> [Assigned task] The answer must be an exact copy of the records, with every picture removed.
================
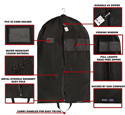 • BEST BAG ON THE MARKET: the most features combined in one bag!!!!! Included: bigger than standard size 26"wide, top quality rip resistant material, 5" gusset, #5 zipper, full length zipper, viewing window, metal eye hole, carry handles, PVC ID card holder, reinforced hanger opening, anti moth protecter
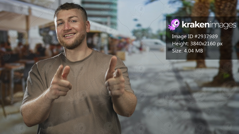 Man points both fingers toward viewer on a sunny street cafe lined with palm trees and outdoor tables; friendly confidence.
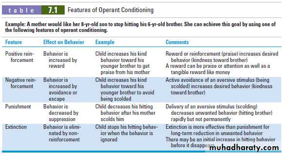 Features1. The likelihood that a behavior will occur is increased by positive or negative reinforcement and decreased by punishment or extinction.
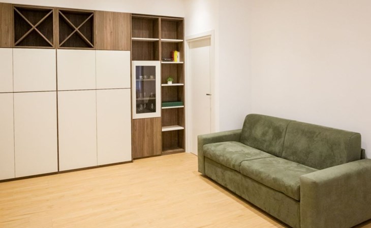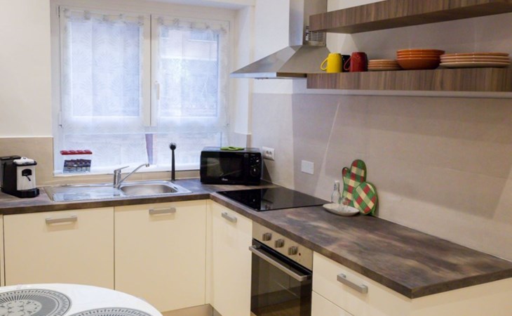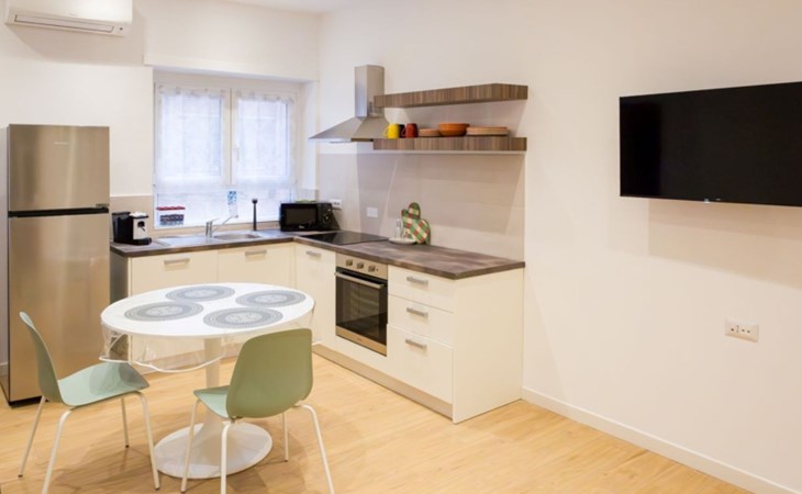 The interior is equipped with every comfort to ensure you have a pleasant and relaxing stay. The flat features a fluid layout of spaces, with air conditioning available in every room to ensure maximum comfort during the hottest or coldest months. The living area includes a well-equipped kitchen with induction cooker, coffee machine with pods, dishwasher and electric kettle, perfect for preparing meals as if you were at home. In addition, a washing machine and tumble dryer are available for your exclusive use, ideal for long stays.
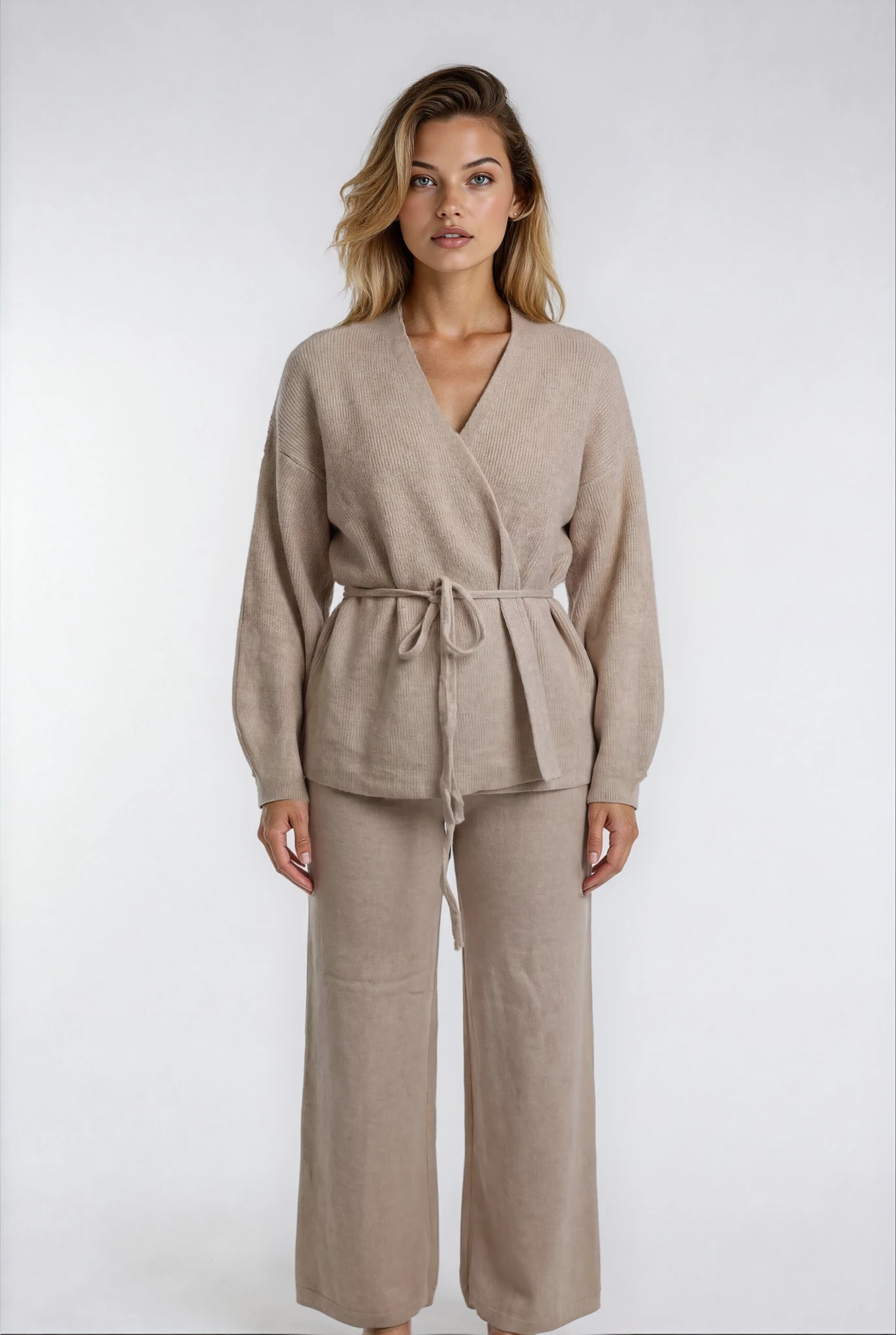Ge din garderob en stilfull uppdatering med vårt tvådelade set, ett perfekt val för dig som älskar bekväm elegans. Setet består av en mjukt sittande cardigan med knytband i midjan och matchande raka byxor som tillsammans skapar en avslappnat sofistikerad look.
================
> [Task output]
 • BEST BAG ON THE MARKET: the most features combined in one bag!!!!! Included: bigger than standard size 26"wide, top quality rip resistant material, 5" gusset, #5 zipper, full length zipper, viewing window, metal eye hole, carry handles, PVC ID card holder, reinforced hanger opening, anti moth protecter
 Man points both fingers toward viewer on a sunny street cafe lined with palm trees and outdoor tables; friendly confidence.
 Features1. The likelihood that a behavior will occur is increased by positive or negative reinforcement and decreased by punishment or extinction.
 The interior is equipped with every comfort to ensure you have a pleasant and relaxing stay. The flat features a fluid layout of spaces, with air conditioning available in every room to ensure maximum comfort during the hottest or coldest months. The living area includes a well-equipped kitchen with induction cooker, coffee machine with pods, dishwasher and electric kettle, perfect for preparing meals as if you were at home. In addition, a washing machine and tumble dryer are available for your exclusive use, ideal for long stays.
Ge din garderob en stilfull uppdatering med vårt tvådelade set, ett perfekt val för dig som älskar bekväm elegans. Setet består av en mjukt sittande cardigan med knytband i midjan och matchande raka byxor som tillsammans skapar en avslappnat sofistikerad look.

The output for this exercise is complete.